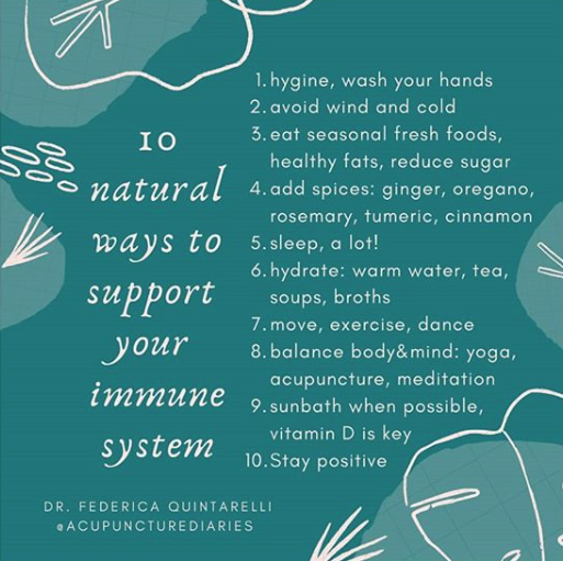 • L’alimentation : Trouver en premier lieu avant toute chose dans votre alimentation la façon optimale de vous nourrir. S’alimenter de choses saines oui, pour la santé, dans le calme, en conscience, et toujours avec plaisir, à heures régulière, loin du coucher (2h-3h). La cuisine, est un spectre très large qui va au-delà de la cuisson de l’aliment. Sa valeur énergétique commence dans l’intention avant même de l’avoir acheté. Nous nous nourrissons, de ce que nous mettons dans notre corps et dans notre esprit. Le produit acheté en magasin a toute une histoire, le faire cuire, le choix de la cuisson apporte aussi de l’énergie à l’aliment, la façon dont vous le préparez dans votre assiette, jusqu’à son trajet dans votre corps et vos cellules, et bien sûr les conditions dans lesquelles vous le mangez. En effet il est important de se nourrir bio et local, mais même l’aliment le plus sain, mangé dans de mauvaises conditions physiques ou psychologique peut devenir un poison. Dans l’alimentation, consommer d’avantage du vivant en fruits et légumes (qui représentent plus de la moitié de votre assiette), des produits les moins transformés possibles. Exit l’industrialisé pauvre en nutriments et vitamines essentiels, ces plats industrialisés ne sont que des compositions chimiques, loin d’être de la cuisine et faire du bien à notre corps. Les omégas 3 sont excellents pour notre corps avec l’huile de lin, de noix, de cameline, les poissons gras, les noix… Puis, nous pouvons trouver également dans l’alimentation le ginseng, véritable tonique général utilisé dans la médecine traditionnelle chinoise, l’échinacée anti-infectieuse et immune-stimulante utilisée pour réduire la durée d’un rhume et atténuer les symptômes. Pensez aussi aux pro et prébiotiques contenus aussi dans les aliments. Pensez aux plantes sources de vertus et de bienfaits naturels, en infusion, dans vos plats… les produits de la ruche ou apithérapie également en respectant les abeilles et leur travail (propolis, cure de pollen cure gelée royale…)…
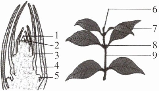 1. 如图是枝芽及其发育成的枝条结构示意图,图中1~9代表相应结构。下列说法错误的是(
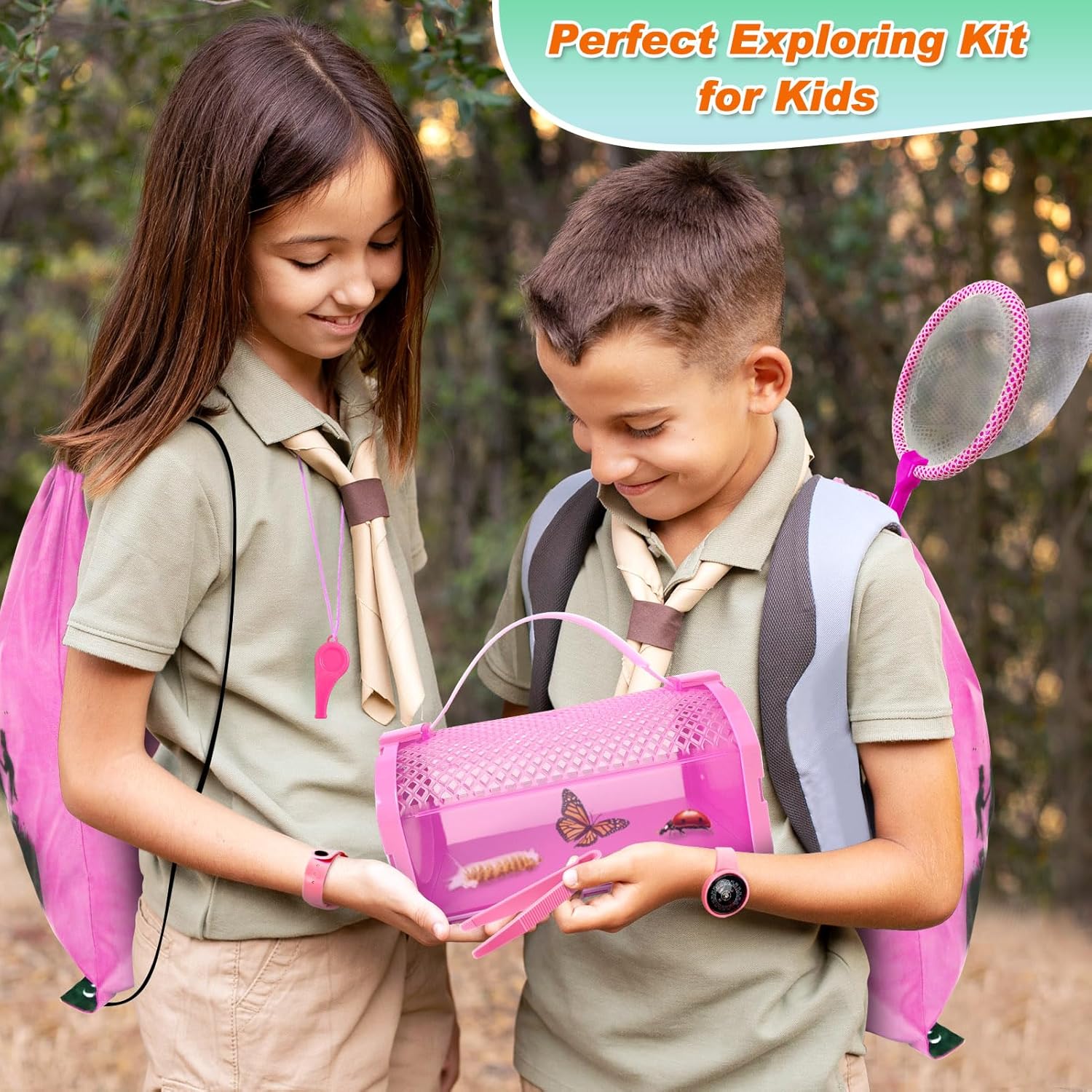- Multifunctional adventure Kit: Equipped with a portable bug cage, offers space for carious small animals like bugs. This outdoor adventure set includes accessories for bug catching and exploring, so that your child can explore all of nature in the outdoors, catching and observing.
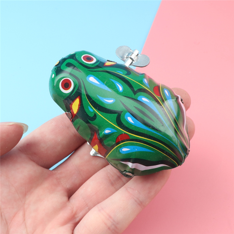 Iron Sheet Frog Jump Frog Child Baby Baby Little Animal 80 Rear Nostalgic Toy Puzzle Clockwork to stall the source
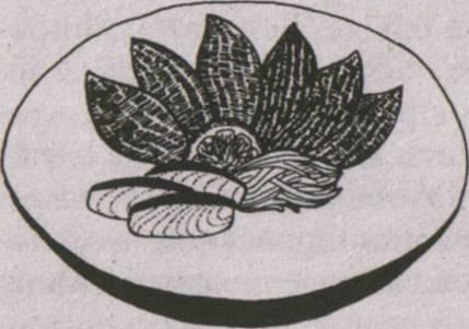 зрения, под которым смотрят на нее гости: если рыбу поместить точно в центр, будет казаться, что она лежит слишком близко к переднему краю чаши.) Далее на эту горку кладут крестнакрест полоски рыбы, перекрывая друг друга. Высота «кедра» зависит от посуды. На мелком блюде он возвышается, словно горный пик, а в глубокой чаше нерх находится чуть ниже краев, чтобы получился кедр, растущий в горной долине.
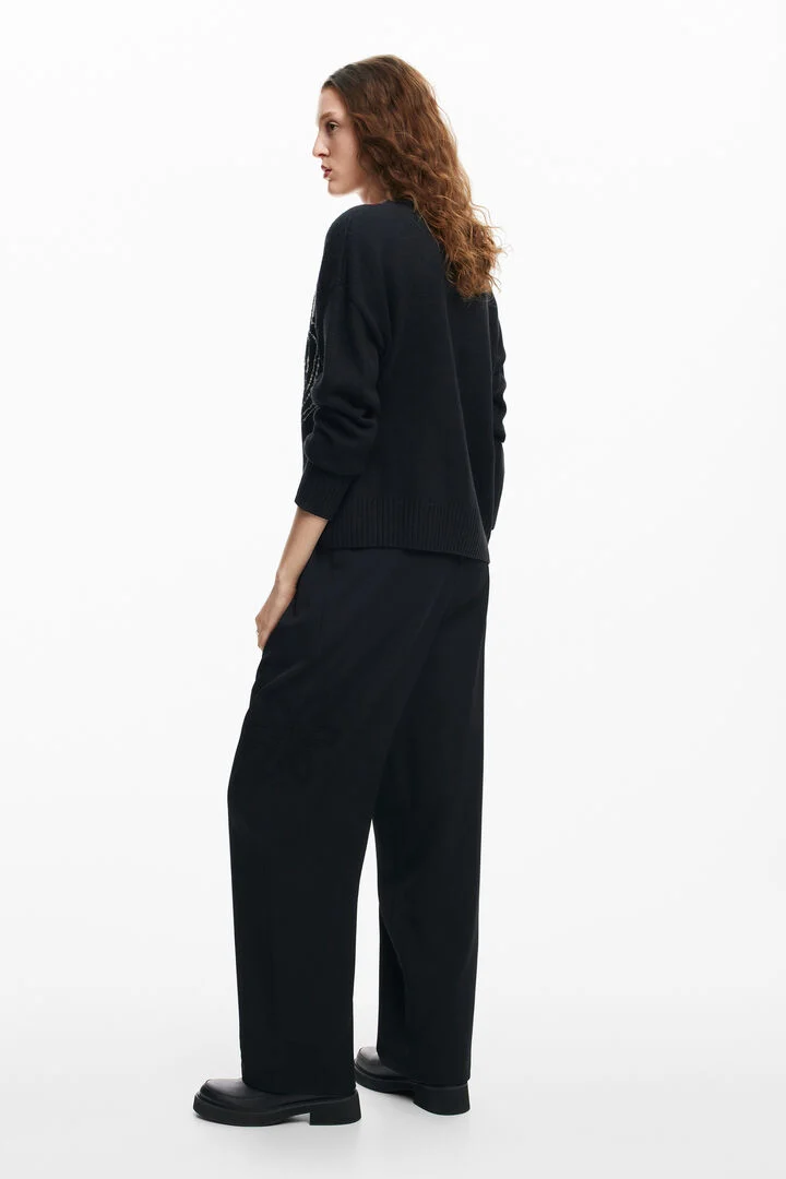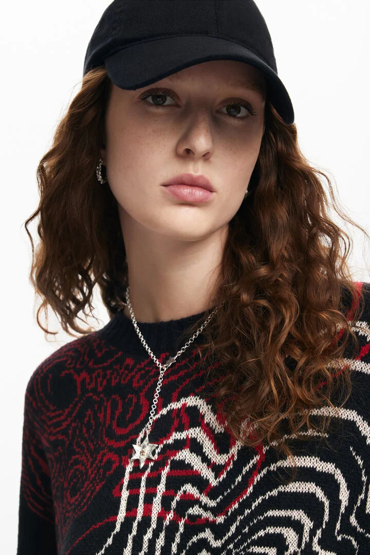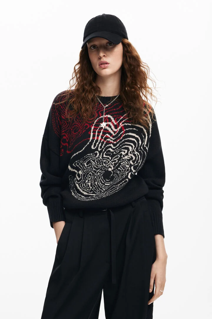 Long-sleeve knit sweater with a round neck and wave print designed by M. Christian Lacroix
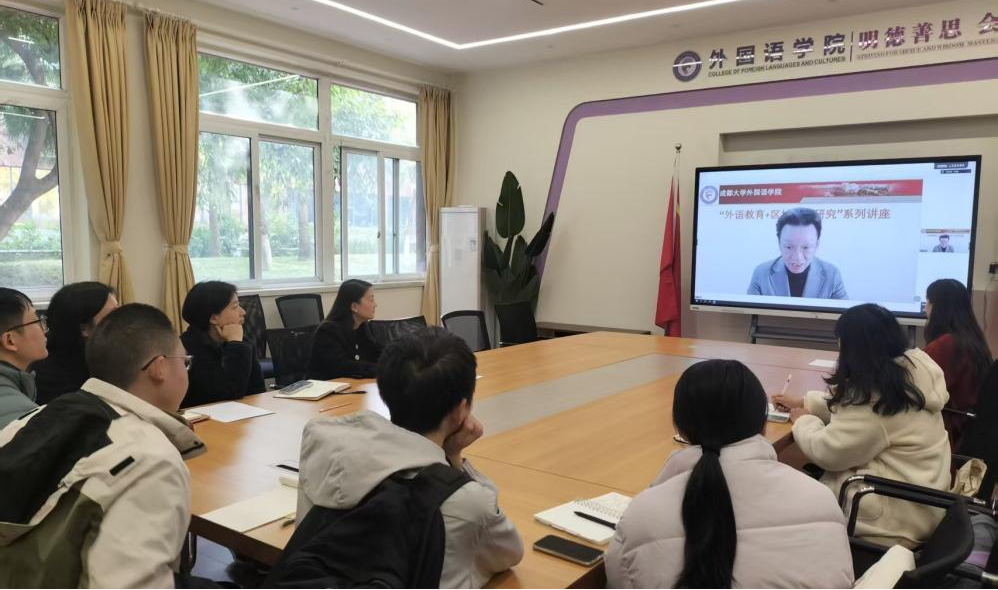 本网消息(图文/许金琪)11月28日中午,由九游官方网站主办、成都大学翻译专业硕士(MTI)学位点承办的“外语教育+区域国别研究”系列讲座第一讲在2110会议室召开。上海外国语大学翻译研究院院长王有勇教授受邀做了题为“翻译与区域国别研究的共生之道”的讲座。讲座由九游官方网站学科办主任张攀主持,副院长杨茜总结发言,九游官方网站院长白杨、副院长姚连兵、骨干教师和研究生共同参加了本次讲座。
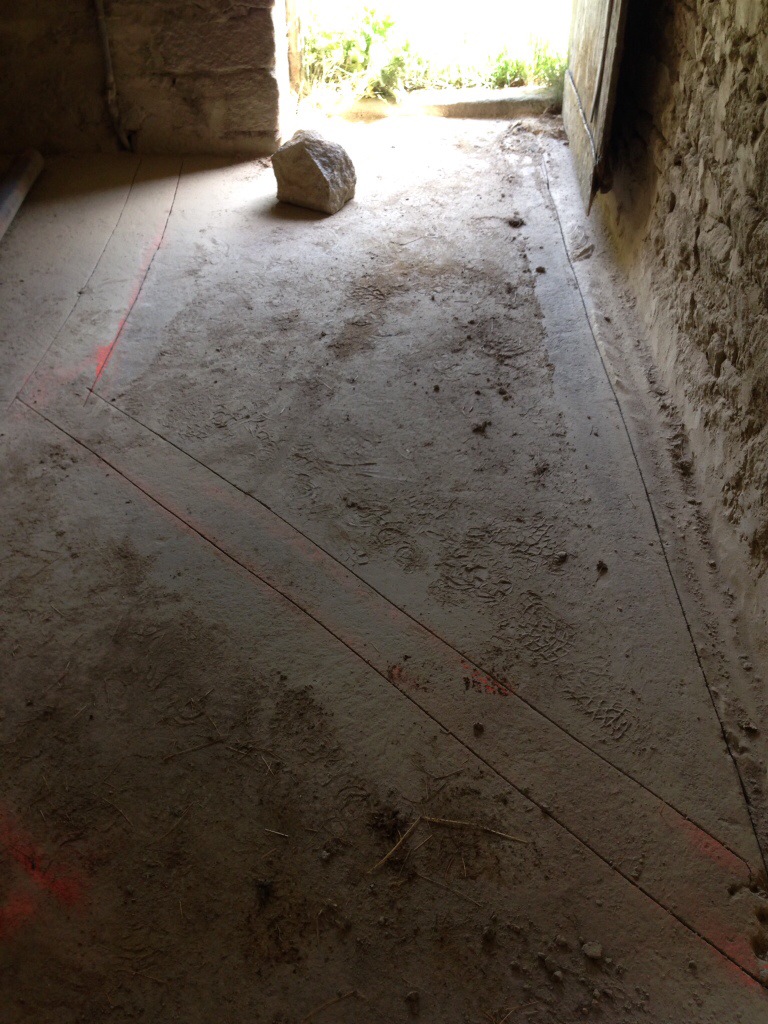 La deuxième partie de la tranchée passe dans l’ancienne dalle bétonnée, que j’ai découpée au lapidaire….
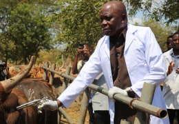 Mkuu wa Mkoa wa Kigoma IGP(Rtd) Simon Sirro akizindua rasmi zaoezi la Chanjo kwa ajili ya wanyama pamoja na utambuzi wa mifugo kimkoa wilayani Uvinza.
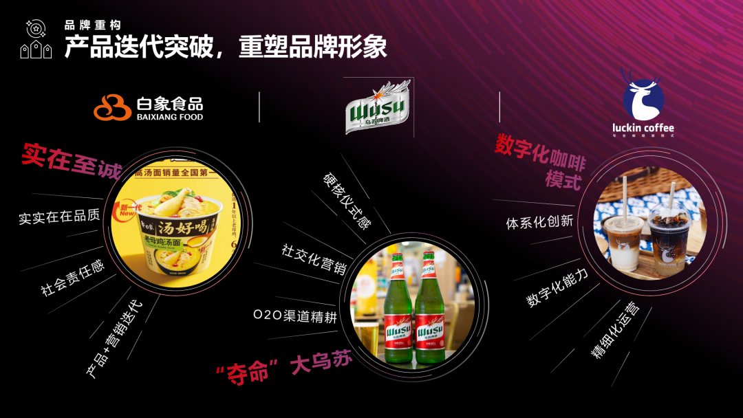 白象、乌苏、瑞幸可能都是过去两年非常成功的品牌重构的案例。白象从一个低线品牌、甚至看上去有点“土”的品牌,突然变成了国潮;乌苏走出疆外;瑞幸三年开始完全翻盘,成为了新瑞幸。
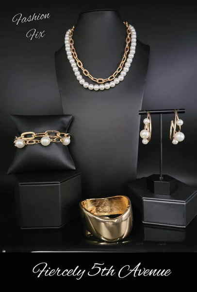 A string of classic white pearls is layered with a strand of oversized gold links, creating a gorgeous collision of refinement and grit as they lay along the collar. Features an adjustable clasp closure.
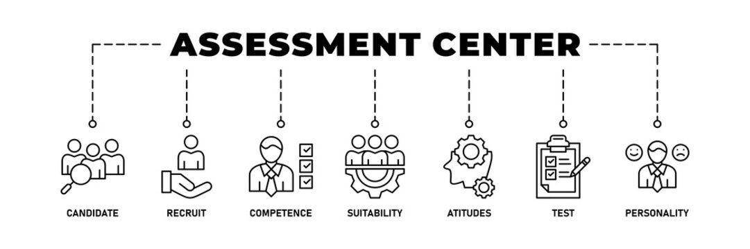 Assessment center banner web icon vector illustration concept for personal audit of human resources with icon of user candidate, recruit, competence, suitability, aptitudes, test and personality
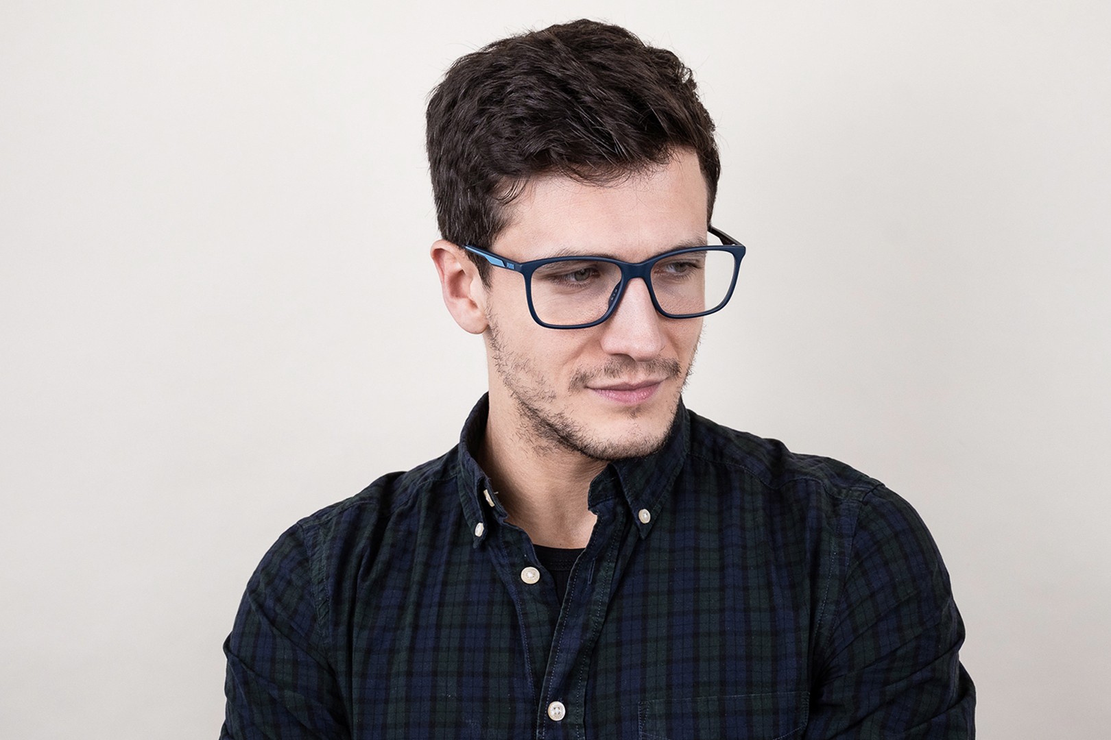 - A cor azul da armação combina perfeitamente com um tom de pele claro e um cabelo castanho claro, preto ou loiro claro.
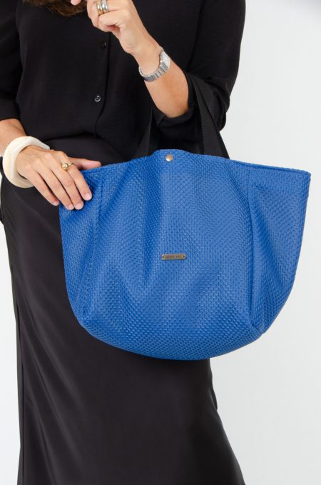 Bolsa tipo shopping bag con bastante capacidad confeccionada en bonito tejido de tapicería tipo neopreno en color azul klein.
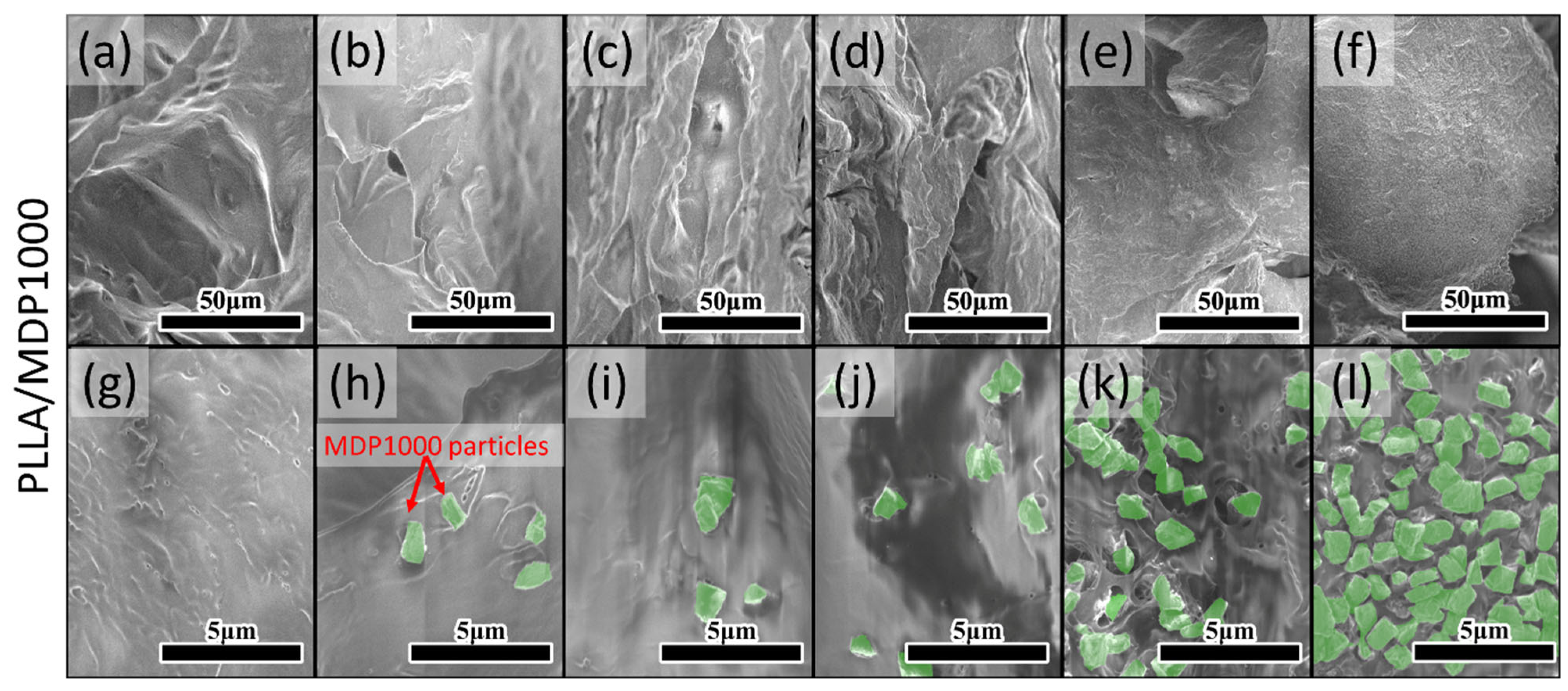 Figure 3. SEM images of cross-sections for samples with MDP1000 powder. Images (af) present a general overview. Images (gl) present higher magnification with clearly visible, highlighted diamond nanoparticles. The ratio of diamond particles to PLA increase from left to right: (a,g) PLLA, (b,h) PLLA/MDP1000-5, (c,i) PLLA/MDP1000-10, (d,j) PLLA/MDP1000-15, (e,k) PLLA/MDP1000-50, (f,l) PLLA/MDP1000-75.
· · · · ·
▶ _Exercise_
Please set down exactly the lines from the first line of the data above through the line with "1. 如图是枝芽及其发育成的", both included, leaving out the pictures.

▶ _Response to this task_
 • L’alimentation : Trouver en premier lieu avant toute chose dans votre alimentation la façon optimale de vous nourrir. S’alimenter de choses saines oui, pour la santé, dans le calme, en conscience, et toujours avec plaisir, à heures régulière, loin du coucher (2h-3h). La cuisine, est un spectre très large qui va au-delà de la cuisson de l’aliment. Sa valeur énergétique commence dans l’intention avant même de l’avoir acheté. Nous nous nourrissons, de ce que nous mettons dans notre corps et dans notre esprit. Le produit acheté en magasin a toute une histoire, le faire cuire, le choix de la cuisson apporte aussi de l’énergie à l’aliment, la façon dont vous le préparez dans votre assiette, jusqu’à son trajet dans votre corps et vos cellules, et bien sûr les conditions dans lesquelles vous le mangez. En effet il est important de se nourrir bio et local, mais même l’aliment le plus sain, mangé dans de mauvaises conditions physiques ou psychologique peut devenir un poison. Dans l’alimentation, consommer d’avantage du vivant en fruits et légumes (qui représentent plus de la moitié de votre assiette), des produits les moins transformés possibles. Exit l’industrialisé pauvre en nutriments et vitamines essentiels, ces plats industrialisés ne sont que des compositions chimiques, loin d’être de la cuisine et faire du bien à notre corps. Les omégas 3 sont excellents pour notre corps avec l’huile de lin, de noix, de cameline, les poissons gras, les noix… Puis, nous pouvons trouver également dans l’alimentation le ginseng, véritable tonique général utilisé dans la médecine traditionnelle chinoise, l’échinacée anti-infectieuse et immune-stimulante utilisée pour réduire la durée d’un rhume et atténuer les symptômes. Pensez aussi aux pro et prébiotiques contenus aussi dans les aliments. Pensez aux plantes sources de vertus et de bienfaits naturels, en infusion, dans vos plats… les produits de la ruche ou apithérapie également en respectant les abeilles et leur travail (propolis, cure de pollen cure gelée royale…)…
 1. 如图是枝芽及其发育成的枝条结构示意图,图中1~9代表相应结构。下列说法错误的是(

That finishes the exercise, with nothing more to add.